When he returned from his visit and told colleagues and friends what he had seen, they all wanted to do something about the situation.
"This is how Somali Hope Academy was born," Elmi said.
With fundraising softball and basketball tournaments and a gala, $63,000 was raised, all of which has gone to purchase a school site and build a 10-classroom school with a library, office area, running water and electricity. All that remains now is to finish the interior, which will cost $30,000, school uniforms, desks and seating and the provision of the initial two months' salary for five teachers and a headmaster, another $10,000 expenditure in total.
Elmi, who will be returning to Somalia for another visit in July, is hoping that the school will be ready for the beginning of August when the school year begins in Somalia.
He said that the school will offer an English curriculum because he believes that knowing and speaking English will help the children get jobs in Somalia later in life.
In addition, if a student from Somalia wants to continue with his or her education, it means going to Kenya or Uganda where it is easier to adapt if fluent in English.

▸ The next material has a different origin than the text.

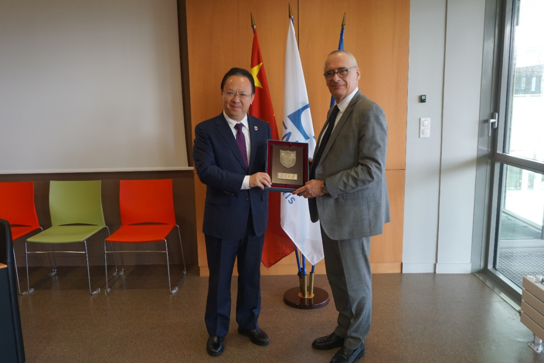 11月20日上午,代表团访问巴黎综合理工大学并与校长库隆(Thierry Coulhon)、外事副校长科里蓬(Elisabeth Crépon)进行了会谈。双方表示,中法两国有优良的合作传统,在气候变化等全球性问题上合作紧密,一致同意在以往合作的基础上进一步开拓创新,在纳米材料、气候环境以及生命健康等方向加强科研合作并探索建立合作平台,拓展在基础学科师生交流交换、联合培养项目等方面的合作并签署合作协议。

Elmi is hopeful that the Somali Hope Academy will become a model that can be adopted for other villages in Somalia.
He readily admits that all of the opportunities he has received in Canada has motivated him to do something for his homeland.
"I have to give back. I must give back," he told the Rotary Club members.
"This school is going to be a permanent ambassador from Canada to Somalia."
The new Somali Hope Academy will be free to all children as long as they live in the area of the village. Priority for admission will be given to orphans and those from families who have nothing.
Elmi himself is currently in the process of collecting books for the school library. The plan is to begin the school with five teachers and a headmaster, with each teacher hopefully being paid through a corporate sponsorship arranged by Elmi. In addition, there are organizations that help with operating costs and the Somali government does subsidize teachers to some extent.
Elmi is committed to holding two big fundraising events a year, like a fundraising gala such as the previous one which raised $11,000 and a basketball tournament which can raise about $6,000. He is also working on a possible partnership with the Canadian International Development Agency.
Elmi is currently a school resource officer with the Ottawa Police Service, assigned to the force's urban priorities pilot project. He is co-founder of the Somali youth basketball league and is a recipient of Crime Prevention Ottawa's Community Safety Award.